Duncan Hunter's Personal Science Project
by Mary
Rep. Duncan Hunter found an experimental airplane that he thought might work and forced the Pentagon to spend millions on it over 20 years and long after the Pentagon said it would never work. (emphasis mine)
In 1990, the Defense Advanced Research Projects Agency, or DARPA, issued a scathing report on the DP-2. DARPA found that the jet had poor stability and serious safety issues. Among other things, the jet's engines created dust storms that could erode visibility; its long-range fueling system was “unadvisable”; and its stealth capabilities – which Hunter cited as a major reason for supporting the project – made it only “marginally more survivable” than other aircraft.
As a result, DARPA decided to stop testing the aircraft, declining to use the $15 million that Congress had allocated at the time.
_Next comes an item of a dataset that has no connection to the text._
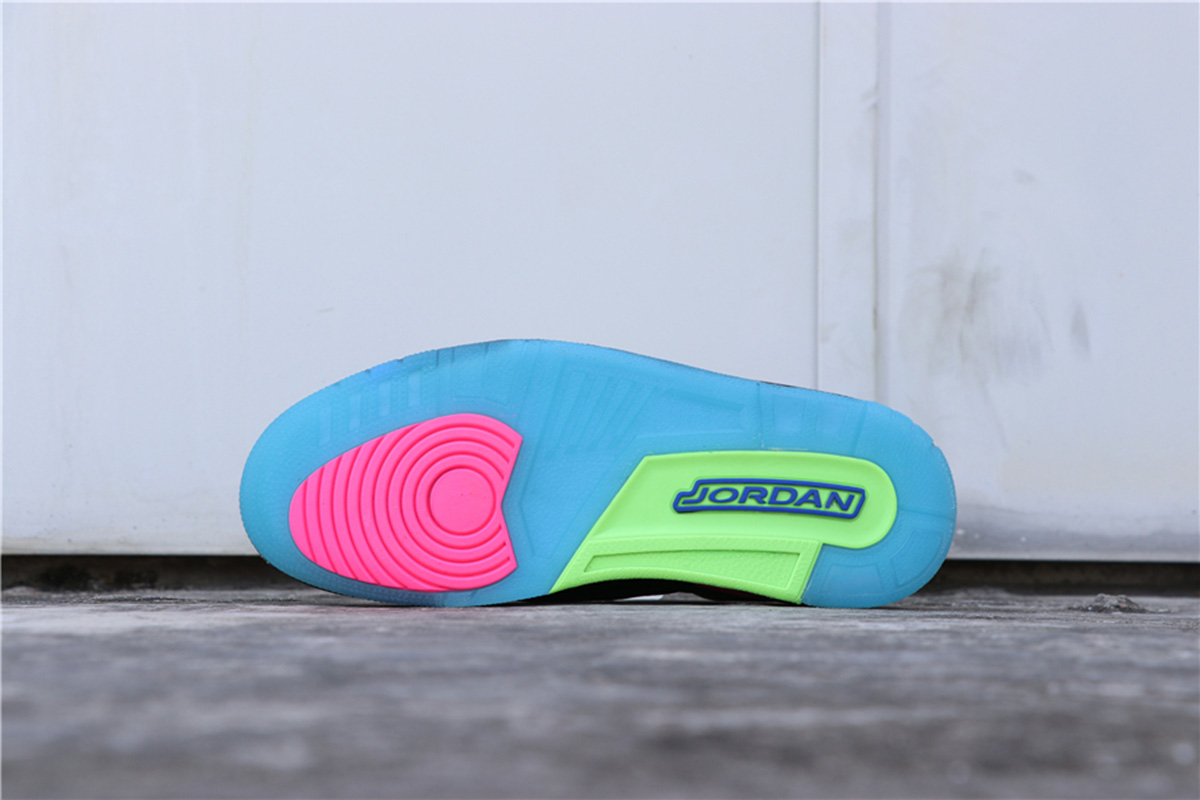 Dressed in a Black, Electric Green and Infrared 23 color scheme. It feature a Black premium tumbled leather upper with Black suede overlays. Pink, Blue and and Lime Green accents are used on the eyelets and midsole atop a Blue translucent outsole.

But Hunter told The San Diego Union-Tribune yesterday that he disagreed with DARPA's rationale.
“If you look at DARPA in an objective way, it's for advanced research, and that means that it's looking at a whole bunch of projects that may not work,” Hunter said.
When the Pentagon balked, Hunter and Duke Cunningham wrote Dick Cheney, at that time, the Secretary of Defense, to get him to order the Pentagon to continue testing it, and he obliged.
Hunter's other partner in this shakedown was Christopher Cox, at that time a congressman and now the head of the SEC. Cox now says that once the Pentagon decided that the airplane couldn't work, the funding should have been halted. Now he tells us.
And who is it that thinks the Defense Department needs more money? How much coverage for armored trucks could have been funded if Hunter's little science project hadn't been squandering millions year after year after year?
Laura Rozen asks the right question: who doesn't think that DuPont, the defense contractor that was the beneficiary of Hunter's largess, didn't have other ways to compensate for Hunter's efforts?